----- Provided data -----

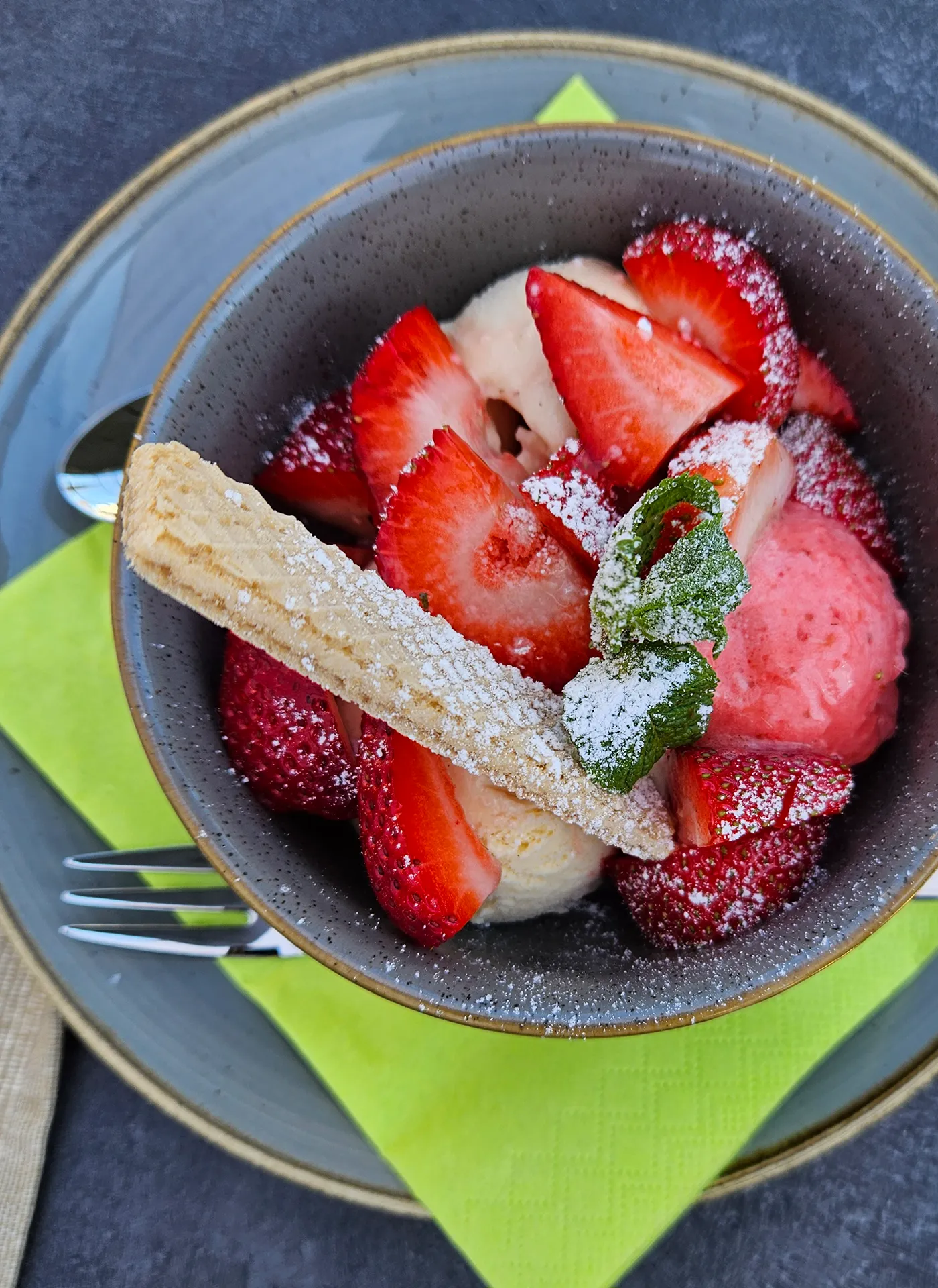 Vanille / Schoko / Erdbeere / Nuss-Duett / Joghurt-Zitrone 2.10 EUR (1 Kugel) / +0.50 EUR (mit Sahne)
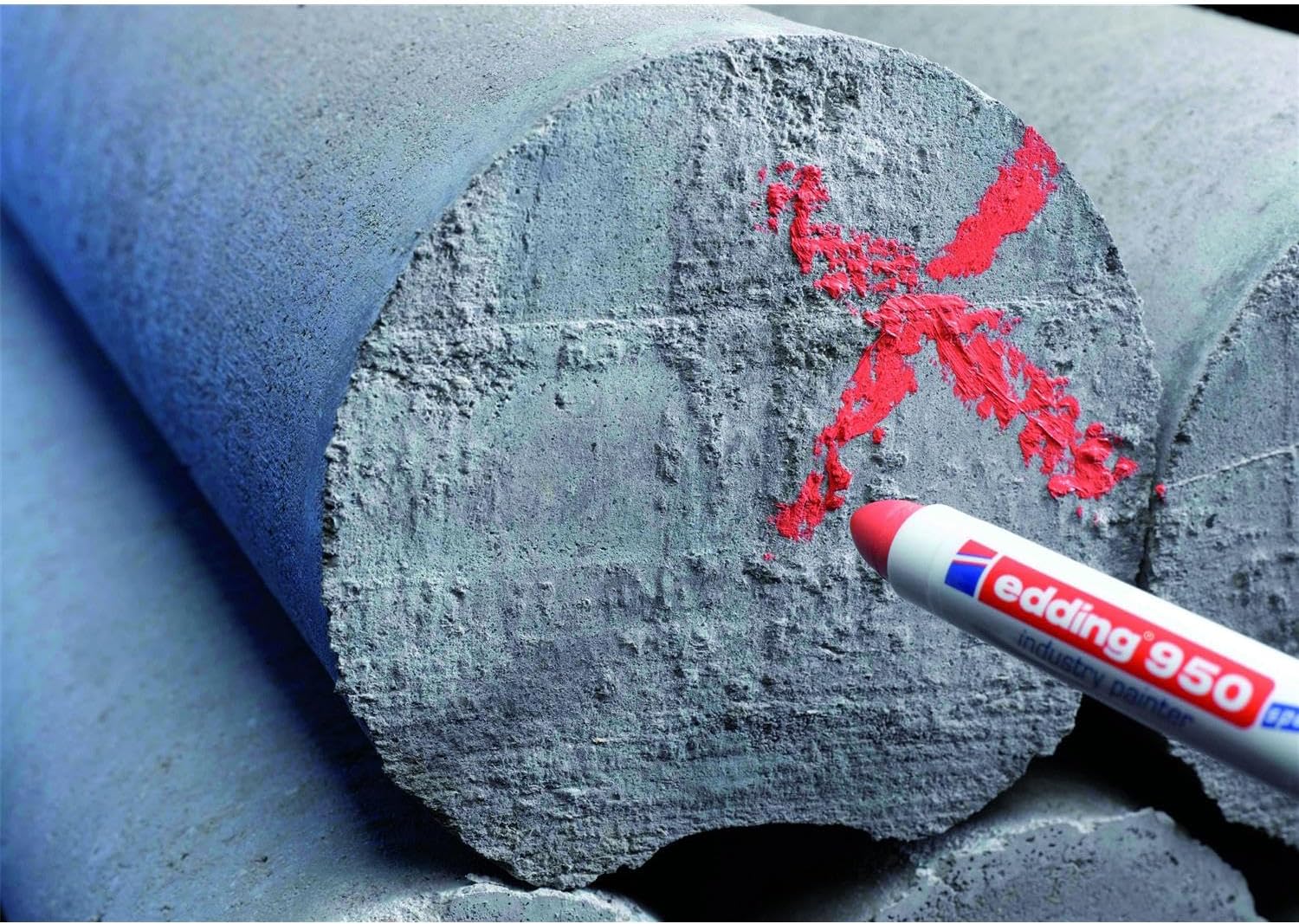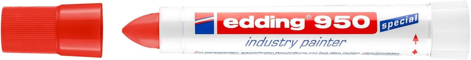 Marcatore speciale industria per marcatura impermeabile, resistente al calore e permanente superfici o ruvide in petrolio, metallo e altre industrie pesanti 1 pittore dell'industria in rosso La pasta colorata è immediatamente pronta all'uso, non si cancella ed è quindi estremamente resistente; colori intensi per marcature affidabili e altamente visibili Punta in pasta di alta qualità per una marcatura precisa e duratura su superfici ruvide o polverose; può essere utilizzato su una superficie pulita sott'acqua Il pittore industriale edding 950 è disponibile in nero, rosso, blu, giallo e bianco; colori intensi per una marcatura chiaramente visibile
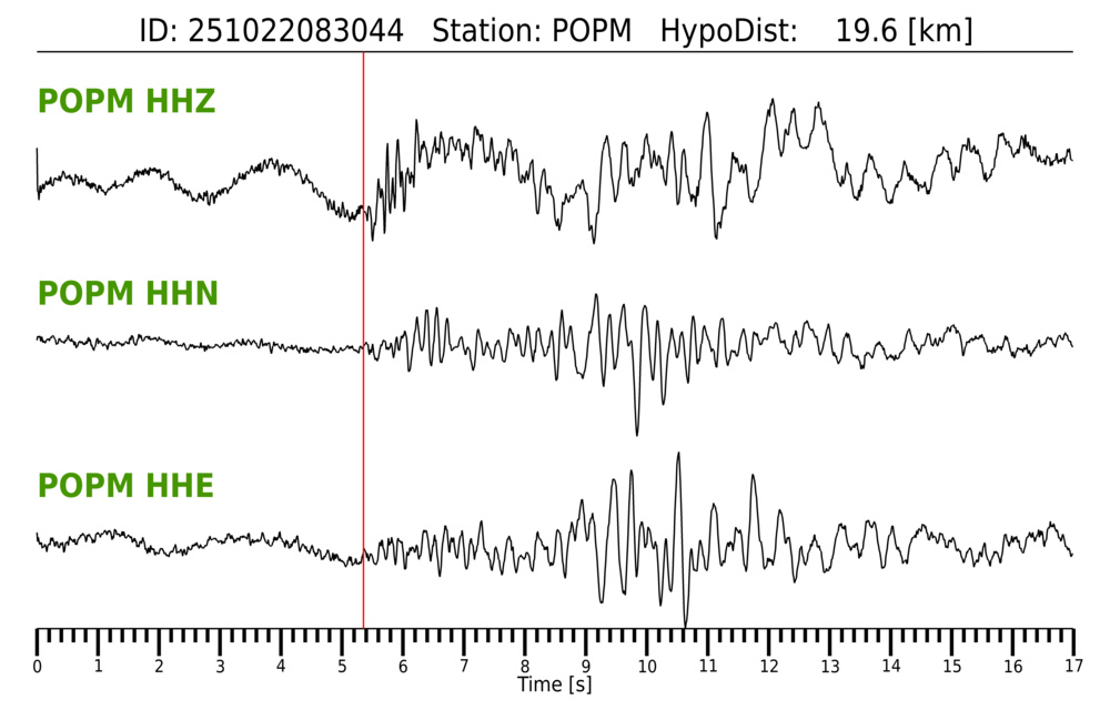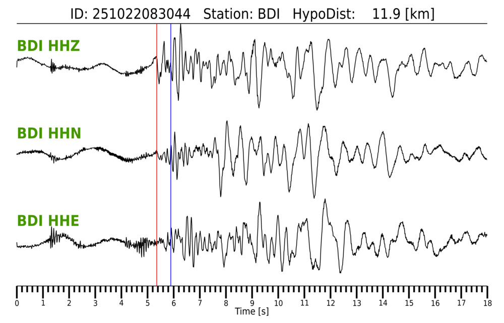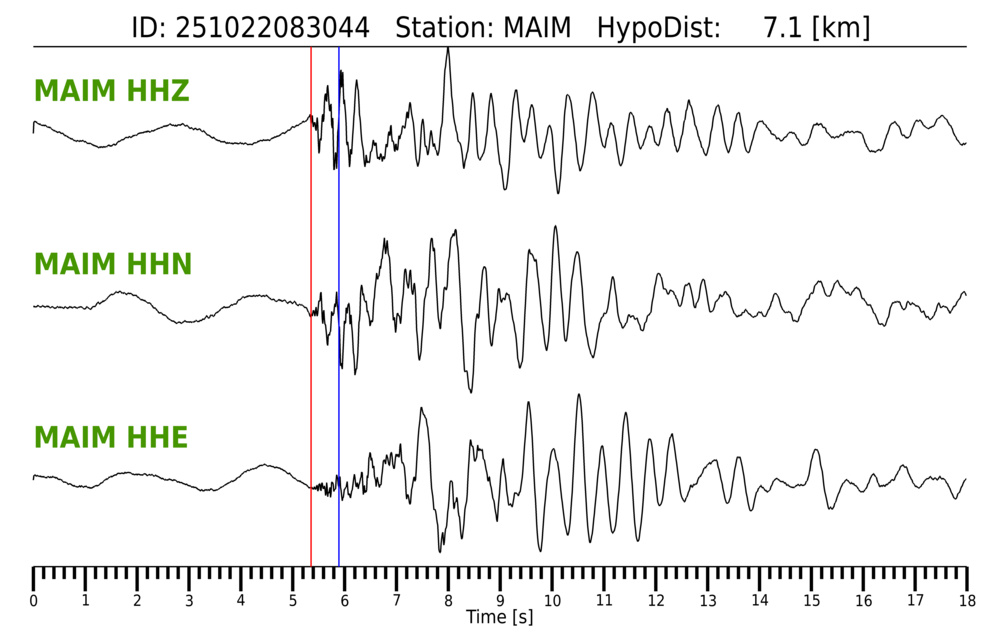 Erh: 2.1 km, Erz: 3.6 km, Nf: 8, Gap: 152°, Rms: 0.065 s
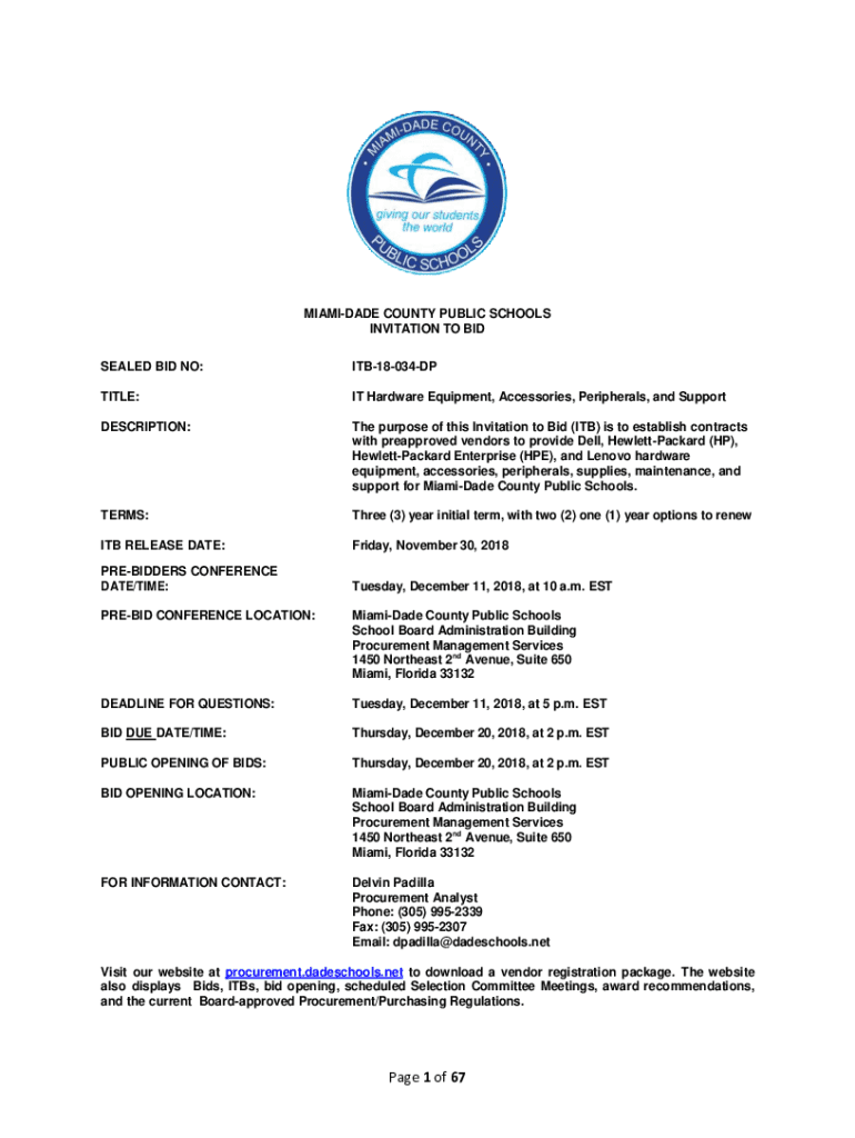 MIA MIDADE COUNTY PUBLIC SCHOOLS INVITATION TO BID SEALED BID NO:ITB18034DPTITLE:IT Hardware Equipment, Accessories, Peripherals, and SupportDESCRIPTION:The purpose of this Invitation to Bid (ITB)

-----

## Work order
Wording must stay exact. Give again the lines from the line with "Erh: 2.1 km, Erz: 3.6" through the last line of the listing, both ends included, without pictures.

## Task solution
 Erh: 2.1 km, Erz: 3.6 km, Nf: 8, Gap: 152°, Rms: 0.065 s
 MIA MIDADE COUNTY PUBLIC SCHOOLS INVITATION TO BID SEALED BID NO:ITB18034DPTITLE:IT Hardware Equipment, Accessories, Peripherals, and SupportDESCRIPTION:The purpose of this Invitation to Bid (ITB)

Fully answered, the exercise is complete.